提问人:Max 提问时间:9/23/2023 更新时间:9/24/2023 访问量:47
如何在行和列的 for 循环中构造一个“If 循环”?
How do I construct an "If loop" inside of a for loop for rows and columns?
问:
我在 R 中有一个数据框,其中包含折叠变化 (fc) 的测量值和fc_0.1、fc_0.2 等列,直到 fc_2。我尝试用 1 填充每列中的每一行,如果它等于或大于基于特定列名的第一列的值。我最初通过指定每一列来非常繁琐地做到这一点,现在我正在尝试缩短代码并对其进行概括。我已经让这个 for 循环做了很多工作,但我无法将这些 if 语句集成到循环中。这真的很棒,我不必为每 0.1 个增量编写一个 if 语句。
fc <- c(0.82,0.03,1.52,0.14,0.61,1.88,0.29,1.91,0.32,0.46,1.76,0.54,1.45,2.01,0.71,1.45,0.90,1.01,1.17,1.68,1.21,1.37)

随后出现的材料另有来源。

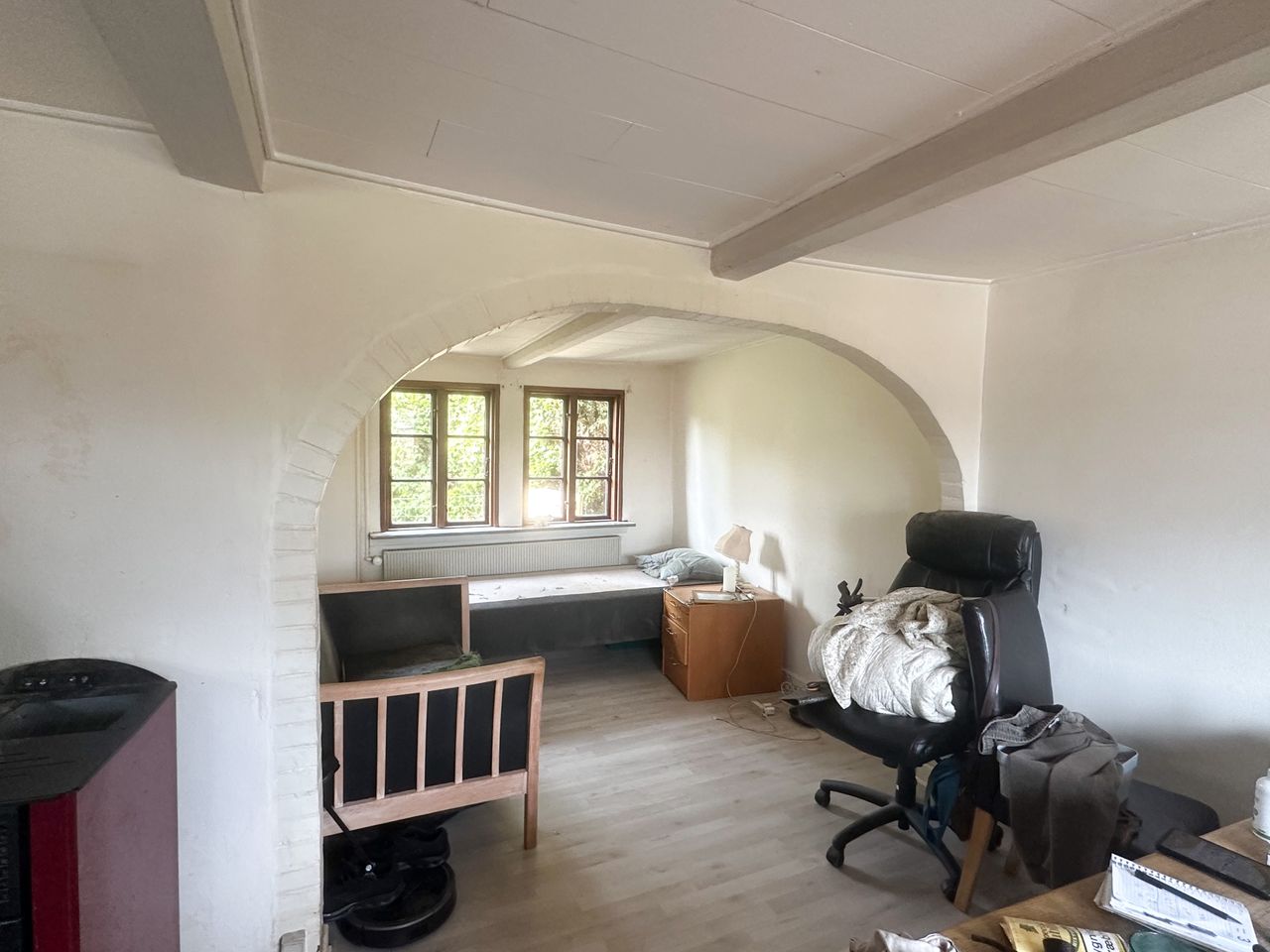 stue i vinkel med klikgulv - pilleovn centralt placeret i husets alrum.

data<- data.frame(abs(fc)) # create a data frame fold change
z<- data.frame(rep.int(0, 22))
z[2:20] <- z[[1]] # create a data frame of zeros
data <- data.frame(data,z) # add the two data frames together
names(data) <- c("fc",paste0("fc_", seq(0.1, 2, by = 0.1))) # give names to the columns
data
for(i in 1:nrow(data)){
for(j in 2:ncol(data)){
if(data[i,1]>=0.1){
data[i,2]=1
}
if(data[i,1]>=0.2){
data[i,3]=1
}
if(data[i,1]>=0.3){
data[i,4]=1
}
if(data[i,1]>=0.4){
data[i,5]=1
}
if(data[i,1]>=0.5){
data[i,6]=1
}
if(data[i,1]>=0.6){
data[i,7]=1
}
if(data[i,1]>=0.7){
data[i,8]=1
}
if(data[i,1]>=0.8){
data[i,9]=1
}
if(data[i,1]>=0.9){
data[i,10]=1
}
if(data[i,1]>=1.0){
data[i,11]=1
}
}
}
data
如果我想填充所有列,我必须为所有 0.1 增量编写一个 if 语句。这使得代码很长,如果我增加所需的值量,则无法扩展。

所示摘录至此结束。